The iChat stuff is pretty good - a lot of it is fluffy, applying effects or static/video backgrounds to your system (although I wonder how well that works if your background is cluttered and not a nice solid color wall…). The sort of thing that will be fun for about a minute and then whatever. However, the integration with slideshows and keynote software is the beginning of something for sure. Adding in the presentation aspect, I’m guessing, is the start of Apple trying to work iChat into a video conferencing competitor for WebEx and the like. This goes along with the automatic recording of audio and video chats. Very cool. Sadly, it’s still AIM only so I doubt GAIM or Adium users will switch to this bad boy for regular IMing.

The switch to be completely 64 bit is interesting, I wonder what effect that will have on performance - the core 2 duo’s are only 32bit chips but the Xeon’s in the desktops and xserves are 64bit so they might see a real boost there. That’s genuinely cool - wish my li’l imac was a Xeon. Still, I’m thinking about upgrading to the desktop pro (if it isn’t a jet engine like past apple desktops I’ve had…) and this is just another little weight on that side of the equation.

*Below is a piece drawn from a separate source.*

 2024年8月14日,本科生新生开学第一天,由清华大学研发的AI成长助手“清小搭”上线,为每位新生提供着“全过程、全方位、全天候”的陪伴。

Sadly Steve dropped the bomb that they way the hoi polloi are going to get their apps on the iPhone is via AJAX/Web2.0 development. This is kind of sad, not completely unexpected, but still sad. I’m actually surprised that no mention of flash was made - as an application environment flash (and Apollo) seem like a much more reasonable technology. People have a lot of problems with it, but I think there’s a lot of ways around them - you could make tiles for the application launcher that are just bookmarks so that they’d seem like real applications. The problem is that, unless they have some magic way to bundle everything up you only get access to these applications when you’re online. I don’t know about you, but living in NYC there’s all sorts of times when I want to do something where I have no connectivity.

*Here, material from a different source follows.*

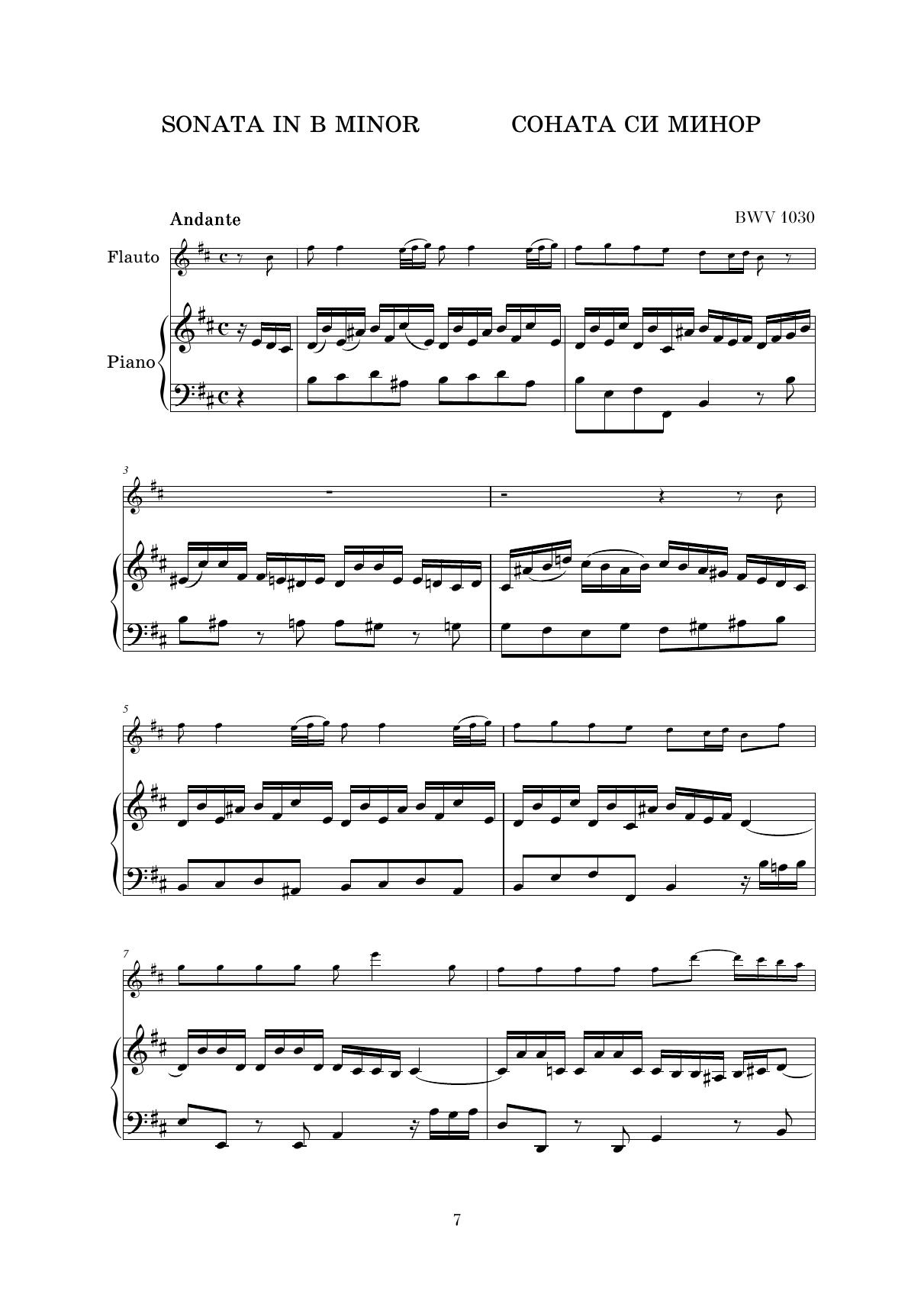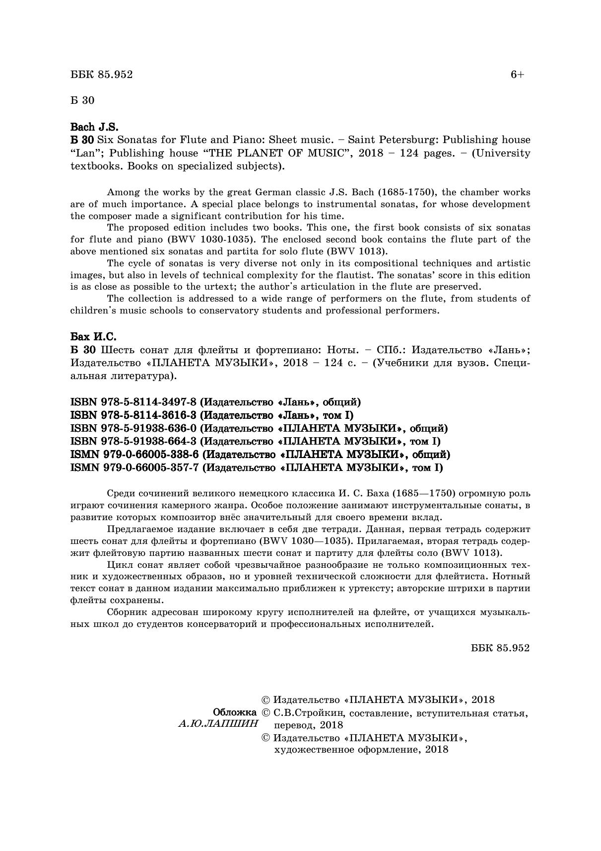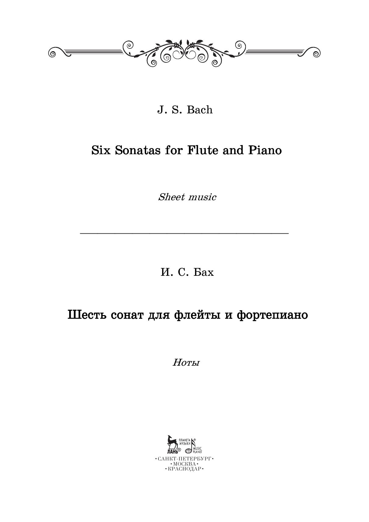 Среди сочинений великого немецкого классика И. С. Баха (1685—1750) огромную роль играют сочинения камерного жанра. Особое положение занимают инструментальные сонаты, в развитие которых композитор внёс значительный для своего времени вклад. Предлагаемое издание включает в себя две тетради. Первая тетрадь содержит шесть сонат для флейты и фортепиано BWV 1030—1035. Прилагаемая вторая тетрадь содержит флейтовую партию названных шести сонат и партиту для флейты соло BWV 1013. Цикл сонат являет собой чрезвычайное разнообразие не только композиционных техник и художественных образов, но и уровней технической сложности для флейтиста. Нотный текст сонат в данном издании максимально приближен к уртексту; авторские штрихи в партии флейты сохранены. Сборник адресован широкому кругу исполнителей на флейте, начиная с учащихся музыкальных школ до студентов консерватории и профессиональных исполнителей. Among the works by the great German classic J.S. Bach (1685–1750), the chamber works are of much importance. A special place belongs to instrumental sonatas, for whose development the composer made a significant contribution for his time. The current edition includes two books. This one, the first book consists of six sonatas for flute and piano (BWV 1030–1035). The enclosed second book contains the flute part of the above mentioned six sonatas and partita for solo flute (BWV 1013). The cycle of sonatas is very diverse not only in its compositional techniques and artistic images, but also in levels of technical complexity for the flautist. The sonatas’ score in this edition is as close as possible to the urtext; the author's articulation in the flute are preserved. The collection is addressed to a wide range of performers on the flute, from students of children's music schools to conservatory students and professional performers.

For me that’s the biggest problem. Sure it may not be an ideal development environment, but there’s a lot of cool stuff you can do in javascript these days. Some companies will get to develop real iPhone apps, I’m sure that there’ll be some interesting games coming out for it what with EA all hot to trot with iPod games and I’d imagine sometime in the future the platform will open up more. But for these non-apple blessed programs, I can’t see people getting hooked on apps that they can only use when they have good connectivity. Also, I think it’ll make any pricing model kind of difficult - there’s all sorts of services built up around making it easy for small time developers to sell access to their application because it revolves around a download. With this, it’ll be harder, although maybe it’ll make subscription type sales more prevalent.

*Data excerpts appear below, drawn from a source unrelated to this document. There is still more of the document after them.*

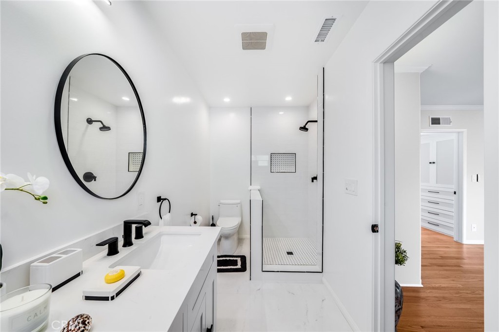 A classic mid-century rancher, the home has been reimagined and updated for modern living. The gorgeous kitchen, designed with a focus on functionality, is replete with top-shelf Wolf, Bosch, and Thermador appliances. The floor plan flows effortlessly from the ocean-view living room through the dining room to the expansive kitchen.
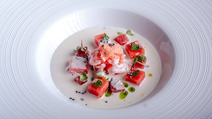 1. Ajoblanco de coco con sandía y sésamo negro, Palmira (Mijas)
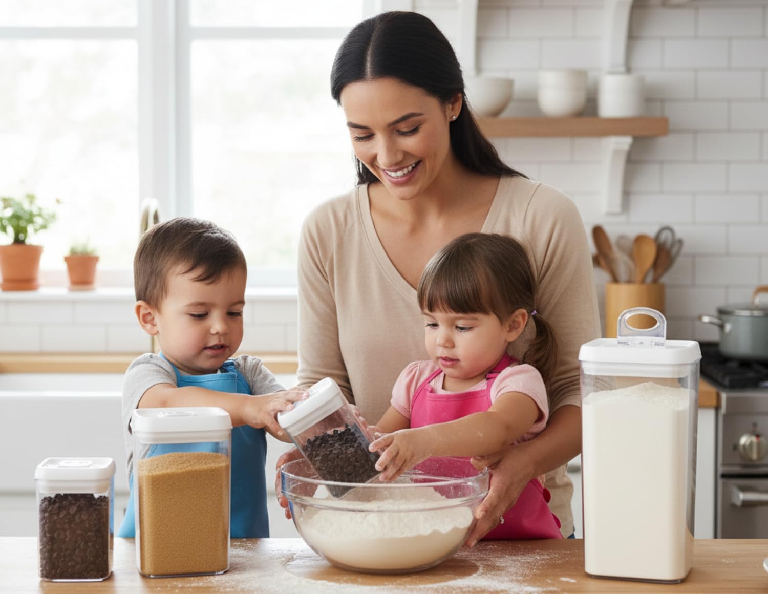 • 3 PIECES KITCHEN ORGANIZATION - BEGINNER SET (NEST-L): This beginner set features 3 x Flip-Tite containers in varying sizes, each designed to optimize your kitchen pantry organization. The set includes a 6 inch XL-Tall container (4.9 qt), a 5 inch LARGE-L container (3.5 qt), and a 4 inch REGULAR-M container (0.8 qt). Each container is meticulously calibrated to store a variety of common household staples such as rice, cereal, pasta, spaghetti, oatmeal, baking ingredients, protein and smoothie powders, sugar, flour, and coffee. These versatile containers are also great for organizing snacks, makeup, laundry supplies, and craft materials.

Everything else was mildly interesting - I’m still excited to see how they did Spaces because I needs me some desktop organization (I still miss it from my linux days). Stacks, Mail, you know all nice but not great incremental improvements. Safari on windows? I really dislike Safari and don’t know many who actually use it over Firefox. I am guessing (based on nothing) that the great majority of Safari usage comes from it being the default browser on the OS, I doubt there’s many switchers. I suppose that the iPhone could also help with some safari uptake - since developers will want to do some javascript development for Safari which tended to be the on-the-fence browser for developer support, it could push it over to be on the have to support list instead of the probably should, but maybe later list.

That’s life, I don’t think anyone was impressed with the keynote, but everyone still is waiting for the iPhone in just a couple weeks. So there you have it.